Thank you for sharing this newsletter. I am continuing to choose not to be on social media, YouTube, or any other “platform.” For now, let’s keep this organically grown. If you know someone who could use a little encouragement, instruction, or hope - I would be so grateful if you share this safe space with them. Thank you, thank you:)
It’s my son’s birthday today.
Seventeen years ago, I was in the operating room, lying on my back, staring at the bright light on the ceiling during a c-section. Half a dozen medical staff were all working quietly in unison, and yet I was alone.
My husband had called me the night before and said, “I can’t come home. Ever. I don’t want another baby - I never did.”
And then he hung up. Disconnected. From me and our unborn child.
The next morning, my parents drove me to the hospital. The kind woman at the check-in asked if this was my husband with a confused look on her face.
“No,” I said. “That’s my step-father. My husband is away on business.”
I lied - kind of.
My husband treated his addiction like a full-time job.
While I was the chef, chauffeur, housekeeper, and financial planner for our family of four, soon to be five, he was the CEO and Founder of entertainment. One of the many problems of that self-appointed position was that the only one being “entertained” in our family was himself, and the kind of entertainment he enjoyed involved other women, lots of liquid with high alcohol content, and illegal substances.
And his "job" was always more important than his family.
So there I was, alone in the operating room, trying so hard to feel the joy of seeing my baby for the first time, but also wondering: “Is this another one of his three-day binges? Will he ever come back home? Am I now a single mother of three?”
Addiction has no boundaries or respect. It will steal even the most precious moments from us.
I would love to tell you I remember the moment when the nurse put my newborn in my arms - but I don’t. The next few days were so painful I must have blocked them out. All I can recall is sitting in the hospital room and thinking, “I need to get out of here so I can be home if he returns.”
That is why they call addiction a family disease. Clearly, I was suffering from addiction, too.
I was addicted to the addict.
So once again, I lied - kind of.
I told the hospital staff I needed to check out a day early. “I have a special needs child at home who requires my care,” I said. That part is true, but thankfully, my mother was visiting and offering to help.
Instead of staying in the hospital and allowing myself and my baby to be cared for by loving, trained medical staff, I put myself and my son at risk so I could wait at home just in case my husband decided we were, in fact, worth returning home to.
My friends and family who have never loved someone suffering from addiction will never understand that choice, which is why I kept it a secret.
I felt so ashamed of the woman addiction had turned me into.
That was exactly seventeen years ago. Everything has changed since then.
I found my way out of that marriage, and I found myself again. I decided: No matter how broke, scared, and alone I would be, leaving him was best for me and my children.
I am happy to report that every birthday since, I have been present, joyful, and so grateful for my healthy baby boy.
Thankyou for sharing! Married 30 years to an alcoholic CEO of entertainment myself...lol! You stated it SO well!! Its incredibly frustrating and heartbreaking. So many times of feeling like the fun governor, never being able to enjoy the moment, just worrying about the impact of his bad choices. Having to make all the responsible, tough and difficult choices. I am learning to control my codependency behavior and not feel responsible for the consequences of his bad behavior. Easier said than done, though. He is a wonderful man when sober and everyone else loves him, but I can never depend on or fully trust in him. The lies, DUIs, infidelity take its toll. Then he gets sober for a time and is Mr Wonderful again. Its confusing and exhausting. I try to keep up the hope but, for now, spending more time investing in myself to reduce the stress and anxiety of living with his addiction.

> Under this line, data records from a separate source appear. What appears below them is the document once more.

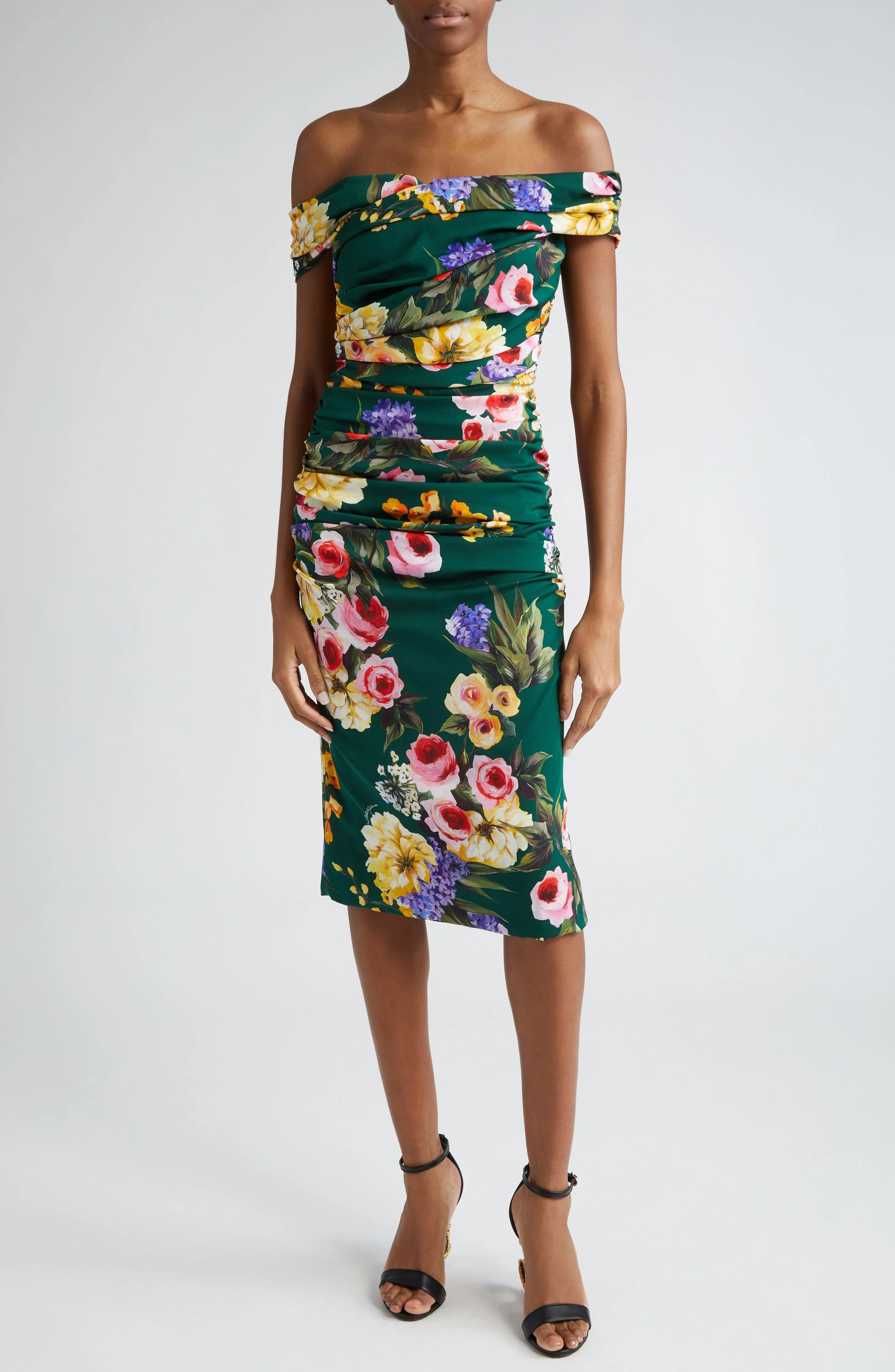 Charmeuse draped sheath dress with garden print
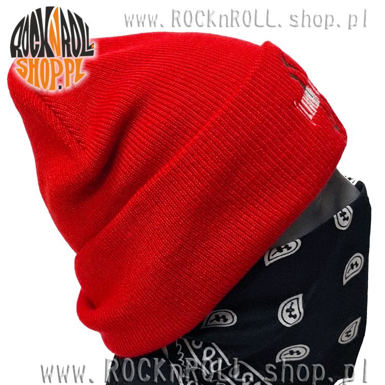 Czerwona, zimowa czapka wykonana z wełny akrylowej, która dobrze dopasowuje się do głowy i zapewnia ciepło.
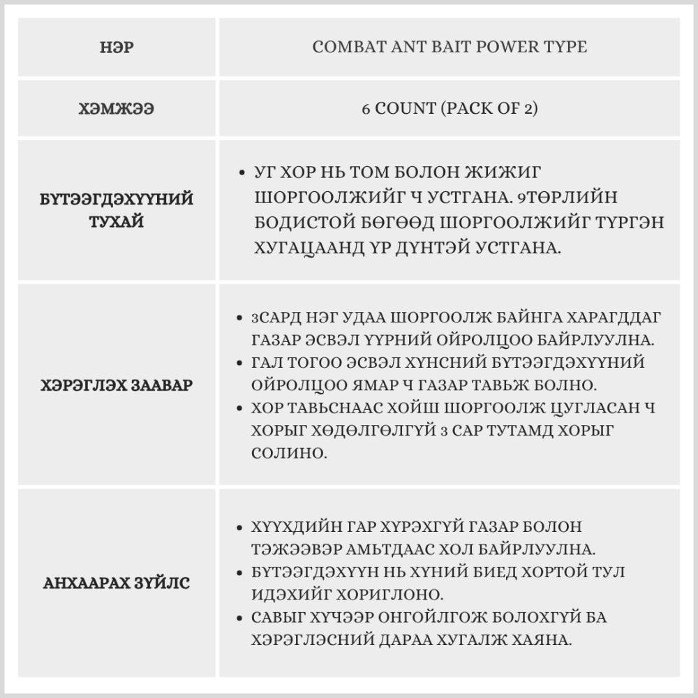 Combat Ant Bait Power Type, 6 Count (Pack of 2) /Шоргоолжны хор/
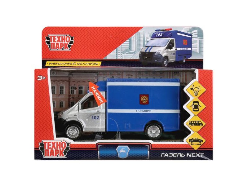 Развивающая игрушка Технопарк, Машина Газель Next Полиция».«ГАЗель NEXT ПОЛИЦИЯ» - это оригинальная коллекционная модель машины, выполненная в реалистичном дизайне. Благодаря инерционному механизму и подвижным деталям, играть с такой машиной ребёнку будет особенно интересно. Игра с такой оригинальной игрушкой-моделью тренирует моторику, развивает фантазию и воображение ребёнка, знакомит его с видами транспорта. Коллекционная металлическая модель «ГАЗель NEXT ПОЛИЦИЯ» 5 в 1: Точная копия настоящей машины; С подвижными деталями: дверь водителя и задние двери открываются; Со световыми эффектами; Со звуковым сопровождением; С инерционным механизмом (чуть надавите на модель и потяните на себя, и машинка автоматически устремится вперёд).
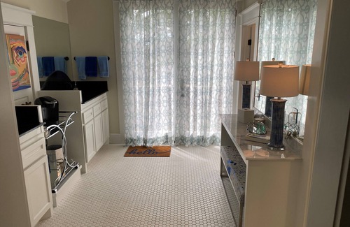 This modern loft features four queen-size beds, providing ample space for you and your guests to relax after a day filled with wedding festivities. You will appreciate the two private showers, two toilets, and convenient amenities like a coffee pot to energize you throughout your stay. Enjoy the fresh air in the large backyard with picnic tables—ideal for intimate gatherings or bridal shower celebrations. Although there is no kitchen, the loft has been thoughtfully designed with high-quality mattresses, linens, and other essentials to ensure everyone enjoys a restful night’s sleep.
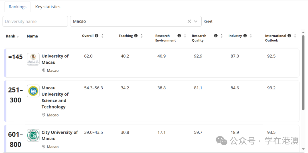 中国澳门排名最高的院校是澳门大学,位列世界第145名,较去年上升35位,创历史最佳成绩,首次跻身世界前150强。澳门科技大学位列世界第250-300排名区间。
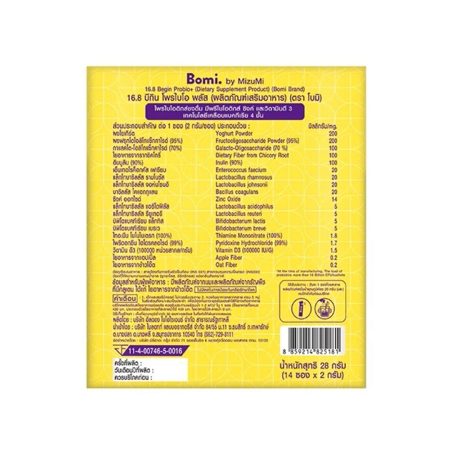 Bomi 16.8 Begin Probio+ (Supplement Product) Probiotics for Children Bomi 16.8 Begin Probio+ 16 Billion CFU/Sachet. 8 Probiotic strains + Prebiotic, Zinc, Vitamin D3 (Drink mix, Yogurt Flavor, 0% Sugar)
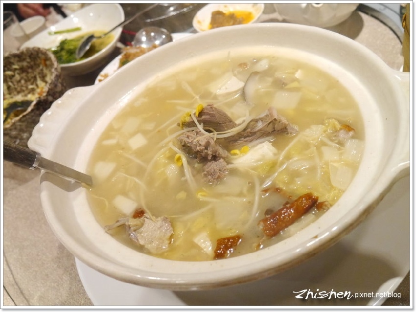 二吃的酸白菜鴨架湯,聽說酸白菜也是店家自製,一喝下去就知道合味,是魯喜歡溫和順口風,輕薄酸香不脫自然,雖說越見鍋底風味越重,喝了五碗還沒膩,是不錯的好湯。
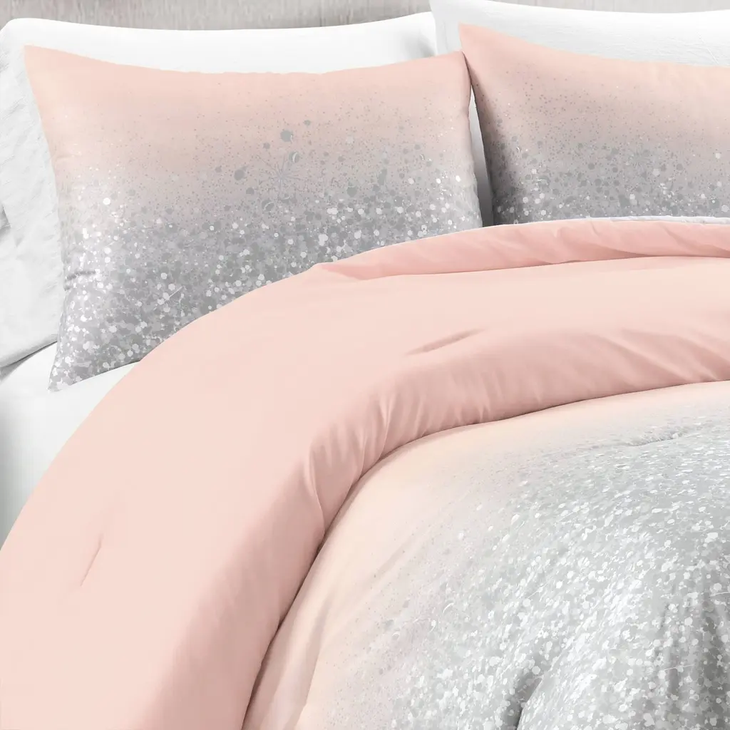 Give your child or teen's bedroom a glamorous makeover with this glitter comforter set. The sparkly glitter design fades into a bright and beautiful comforter color for a very trendy look. Your child will love the printed sparkles and ombre style.You can never go wrong with glitter! This quilt set is the perfect way to add a glamorous touch to your child's bedroom. The glitter ombre drips into a stylish fun color is super on trend and a great way to introduce a pop of color. The blend of patterns will seamlessly complement the bedroom's existing decor. Twin is a two piece set includes one quilt and one matching sham. Full/Queen is a three piece set includes one quilt and two matching shams. This set is machine washable for your convenience. Please refer to label for full care instructions.Features:Twin Measures:Full/Queen Measures:

I am so honored that you chose to share this story with “us” and proud of you for being so real! Your honesty helps so many others. I can relate to this story so much. It’s not that the same incident happened to me, but other incidents led me to feel/act in a similar way. I also became an “addict” to my AH and his behavior. I truly thought I could control his drinking if I was in his presence. That’s a BIG lie and the sad part is - I was the one telling myself that lie and believing it. It’s called desperation. The thing is - we should not be so hard on ourselves. Living with an active addict
S L O W L Y changes us over the years. The confident and sensible person we once were becomes conditioned by fear, chaos, anxiety and depression. If it goes on for too long, we lose ourselves to the disease. We become irrational. We become “frozen” in the midst of their addiction - until we can finally dig ourselves out and little by little begin to reverse our own “learned/dysfunctional” behavior. My AH is now sober, but I know I must keep getting the support I need for ME so I never fall back into that place again. I’m so happy your life has turned around and you are thriving. You deserve it. We all do.